The view should have been spectacular, but even where night had yet to fall the Peninsula was hidden under a blanket of monsoon cloud. Since the world huddled close to Swan in its orbit, monsoon season came once every hundred days or so, lasting no more than ten or fifteen days each short year. Above the sharply curved horizon the sky had darkened through shades of blue towards a deep navy. I could see bright stars now, and overhead lay the single fixed star of the orbital station at the high end of the thread, still a long way above us. I considered sleeping for a few hours, my soldiering years having given me an almost animal ability to snap into a state of total alertness. I swirled what remained of the drink and took another sip. Now that I had made up my mind, I felt fatigue rushing over me like a damburst. It was always there, waiting for the slightest relaxation in my guard.

“Sir?”

I flinched again, only slightly this time, for I recognised the voice of the servitor. The machine’s cultured voice continued, “Sir, there is a call for you from the surface. I can have it sent through to your quarters, or you may view it here.”

I thought about going back to my room, but it was a shame to lose the view. “Put it through,” I said. “But terminate the call should anyone else start coming up the stairs.”

“Very well, sir.”

Dieterling, of course—it had to be. He wouldn’t have had time to get back to the Reptile House, although by my estimate he should have been about two-thirds of the way there. A shade early for him to try and contact me—and I hadn’t expected any contact anyway—but it was nothing to feel any anxiety about.

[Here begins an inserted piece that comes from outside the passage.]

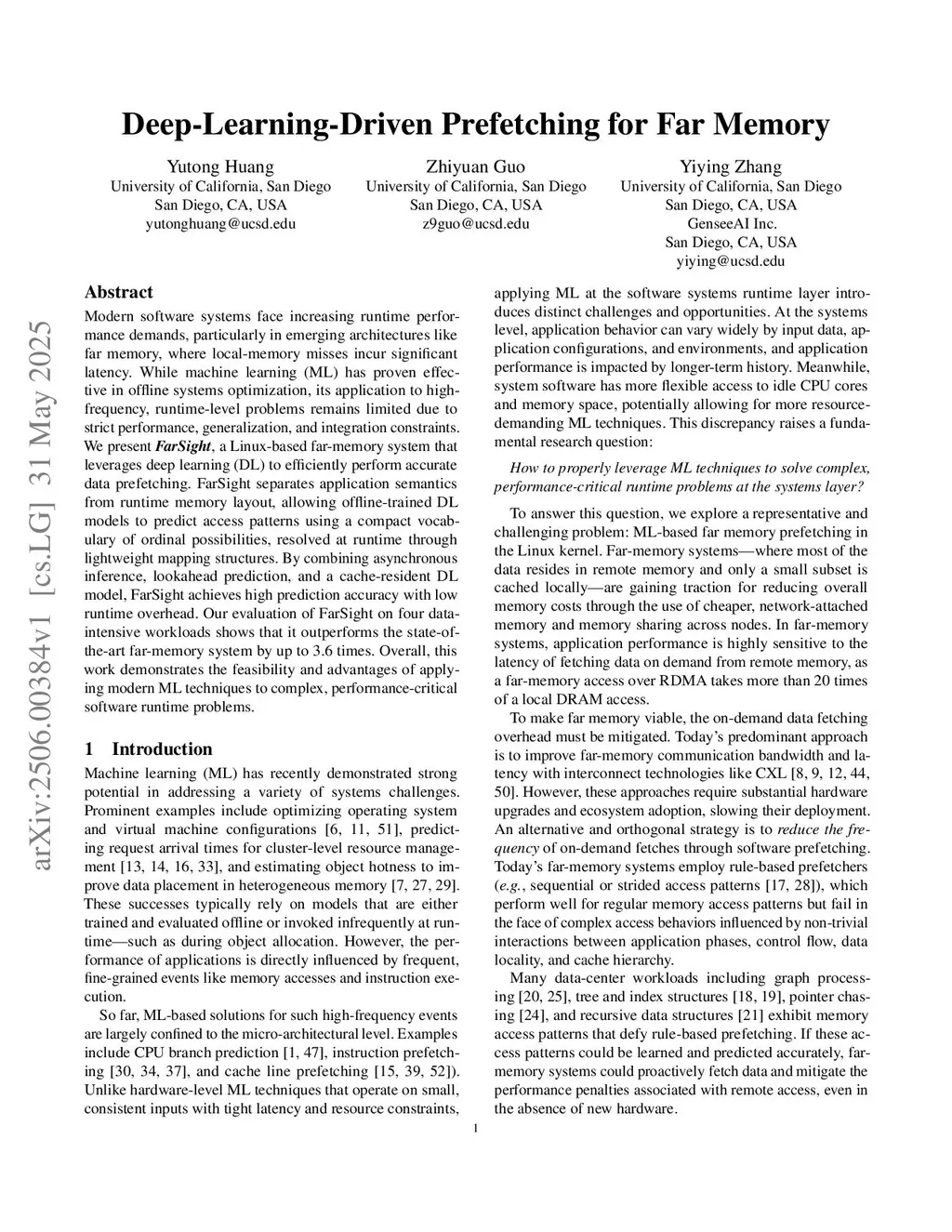 Memory prefetching has long boosted CPU caches and is increasingly vital for far-memory systems, where large portions of memory are offloaded to cheaper, remote tiers. While effective prefetching requires accurate prediction of future accesses, prior ML approaches have been limited to simulation or small-scale hardware. We introduce FarSight, the first Linux-based far-memory system to leverage deep learning by decoupling application semantics from runtime memory layout. This separation enables offline-trained models to predict access patterns over a compact ordinal vocabulary, which are resolved at runtime through lightweight mappings. Across four data-intensive workloads, FarSight delivers up to 3.6x higher performance than the state-of-the-art.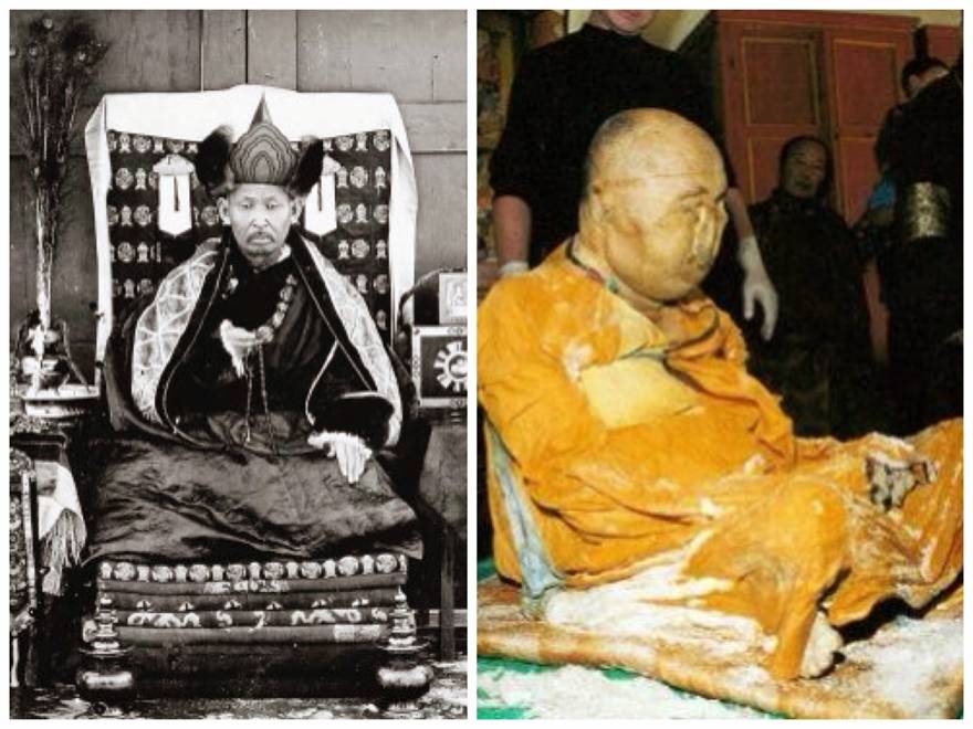 This info appeared in Russian mass media as regards buried Buryat Lama who was exhumed from the ground in the beginning of the 21 st century. The grave consisted of wooden box and Buddhist lama was sitting inside of it in ‘lotus’ pose. His body looked like it was mummified, however the opposite is true. His muscles and skin was soft, folding joints. Hambo Lama was clad in silk clothes and wrapped in fabric of same material.

But instead, the face and shoulders that appeared in the elevator’s window belonged to Red Hand Vasquez. Somewhere in the room a camera must have been capturing me and adjusting my image to make it seem as if we were standing face to face, for he looked me straight in the eye.

“Tanner. Listen to me, man.”

“I’m listening,” I said, wondering if the irritation I felt was obvious in my voice. “What was so important that you needed to reach me here, Red?”

“Fuck you, Mirabel. You won’t be smiling in about thirty seconds.” But the way he said it made it seem less like a threat than a warning to prepare for bad news.

“What is it? Reivich pulled another fast one on us?”

“I don’t know. I had some guys make some more enquiries and I’m damn sure he’s on that thread, the way you think he is—a car or two ahead of you.”

“Then that isn’t why you’re calling.”

“No. I’m calling because someone’s killed Snake.”

I answered reflexively, “Dieterling?”

As if it could be anyone else.

Vasquez nodded. “Yeah. One of my guys found him about an hour ago, but he didn’t know who he was dealing with, so it took a while for the news to get back to me.”

My mouth seemed to form the words without conscious input from my mind. “Where was he? What had happened?”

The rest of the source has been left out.